I have an entity with several fields, but on one view i want to only edit one of the fields. for example... I have a user entity, user has, id, name, address, username, pwd, and so on. on one of the views i want to be able to change the pwd(and only the pwd). so the view only knows of the id and sends the pwd. I want to update my entity without loading the rest of the fields(there are many many more) and changing the one pwd field and then saving them ALL back to the database. has anyone tried this. or know where i can look. all help is greatly appreciated.
Thx in advance.
PS
i should have given more detail. im using hibernate, roo is creating my entities. I agree that each view should have its own entity, problem is, im only building controllers, everything was done before. we were finders from the service layer, but we wanted to use some other finders, they seemed to not be accessible through the service layer, the decision was made to blow away the service layer and just interact with the entities directly (through the finders), the UserService.update(user) is no longer an option. i have recently found a User.persist() and a User.merge(), does the merge update all the fields on the object or only the ones that are not null, or if i want one to now be null how would it know the difference?
Which technologies except Spring are you using?
First of all have separate DTOs for every view, stripped only to what's needed. One DTO for id+password, another for address data, etc. Remember that DTOs can inherit from each other, so you can avoid duplication. And never pass business/ORM entities directly to view. It is too risky, leaks in some frameworks might allow users to modify fields which you haven't intended.
After the DTO comes back from the view (most web frameworks work like this) simply load the whole entity and fill only the fields that are present in the DTO.
But it seems like it's the persistence that is troubling you.

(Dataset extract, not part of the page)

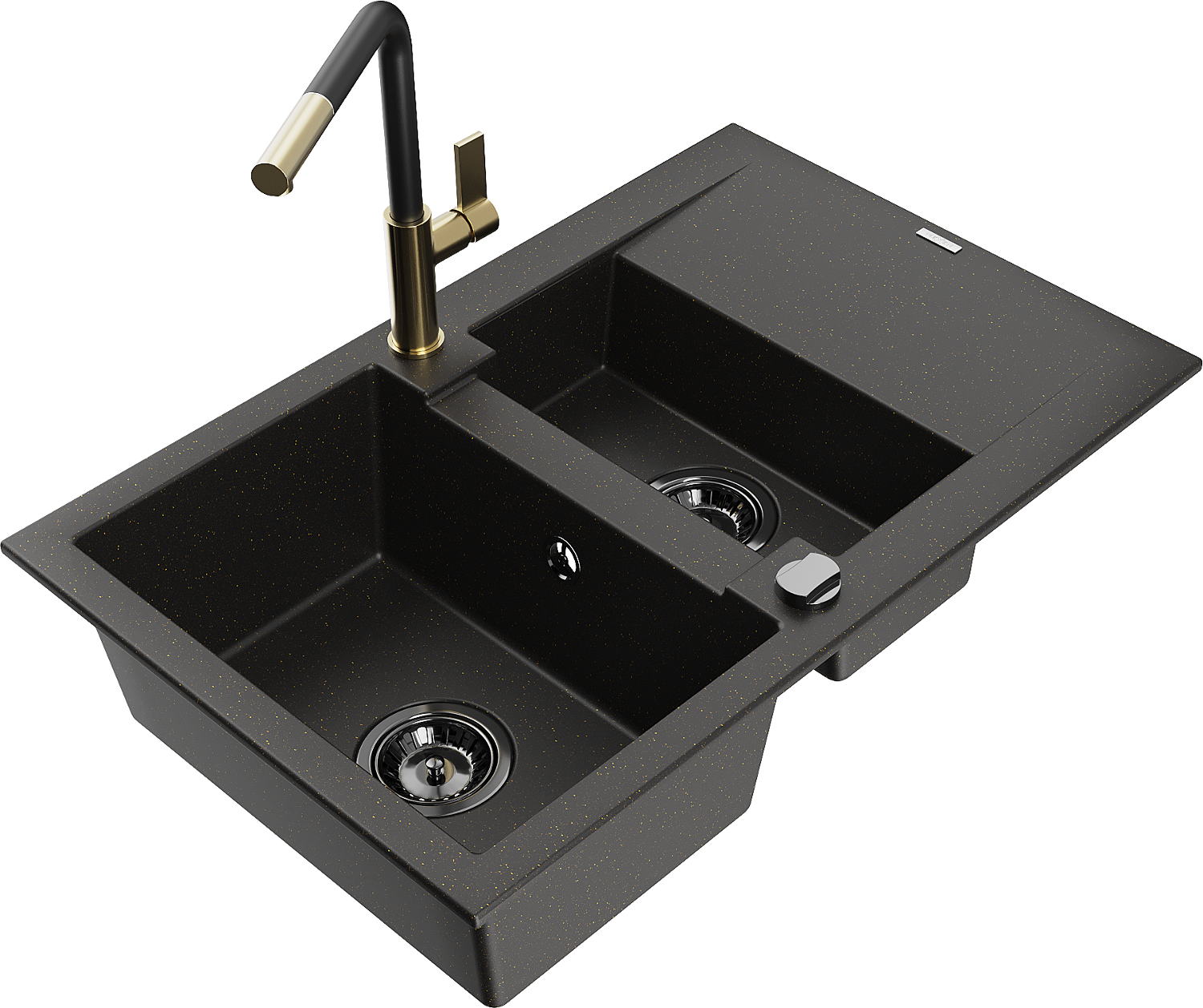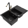 Mexen Gaspar žulový dřez 1,5-komorový s odkapávačem a kuchyňskou baterií Flora, černý/zlatý - 6507-75-670401-57-B

Assuming you are using Hibernate, you can take advantage of dynamic-update setting:
dynamic-update (optional - defaults to false): specifies that UPDATE SQL should be generated at runtime and can contain only those columns whose values have changed.

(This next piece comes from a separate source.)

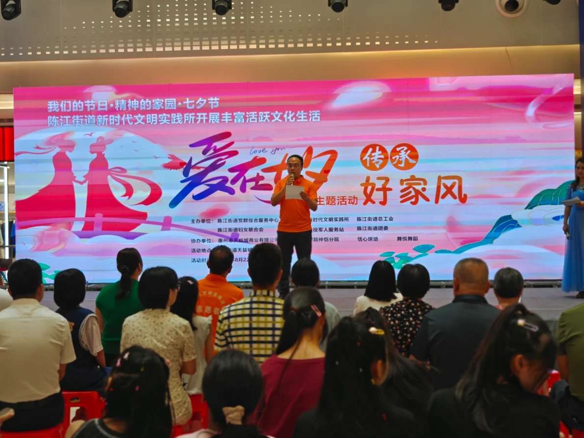 七夕今宵看碧霄,牽牛織女渡河橋。家家乞巧望秋月,穿盡紅絲幾萬條。七夕是我國傳統(tǒng)節(jié)日中最具浪漫色彩的節(jié)日。8月22日,在這個浪漫的節(jié)日里,仲愷高新區(qū)陳江街道黨群綜合服務(wù)中心、新時代文明實踐所、婦聯(lián)、退役軍人服務(wù)站、團委、總工會等單位聯(lián)合開展“愛在七夕節(jié)·傳承好家風”主題活動;顒蝇F(xiàn)場邀請了轄區(qū)不同年齡段的模范夫妻代表,通過“穿針引線”“朦朧的浪漫”“牛郎織女”等互動環(huán)節(jié),回顧愛的歷程,共度傳統(tǒng)佳節(jié)。

In this case you are still loading the whole entity into memory, but Hibernate will generate as small UPDATE as possible, including only modified (dirty) fields.
Another approach is to have separate entities for each use-case/view. So you'll have an entity with only id and password, entity with only address data, etc. All of them are mapped to the same table, but to different subset of columns. This easily becomes a mess and should be treated as a last resort.
See the hibernate reference here
For persist()
persist() makes a transient instance persistent. However, it does not guarantee that the
identifier value will be assigned to the persistent instance immediately, the assignment
might happen at flush time. persist() also guarantees that it will not execute an INSERT
statement if it is called outside of transaction boundaries. This is useful in long-running
conversations with an extended Session/persistence context.
For merge
if there is a persistent instance with the same identifier currently associated with the session, copy the state of the given object onto the persistent instance
if there is no persistent instance currently associated with the session, try to load it from the database, or create a new persistent instance
the persistent instance is returned
the given instance does not become associated with the session, it remains detached
persist() and merge() has nothing to do with the fact that the columns are modified or not .Use dynamic-update as #Tomasz Nurkiewicz has suggested for saving only the modified columns .Use dynamic-insert for inserting not null columns .
Some JPA providers such as EclipseLink support fetch groups. So you can load a partial instance and update it.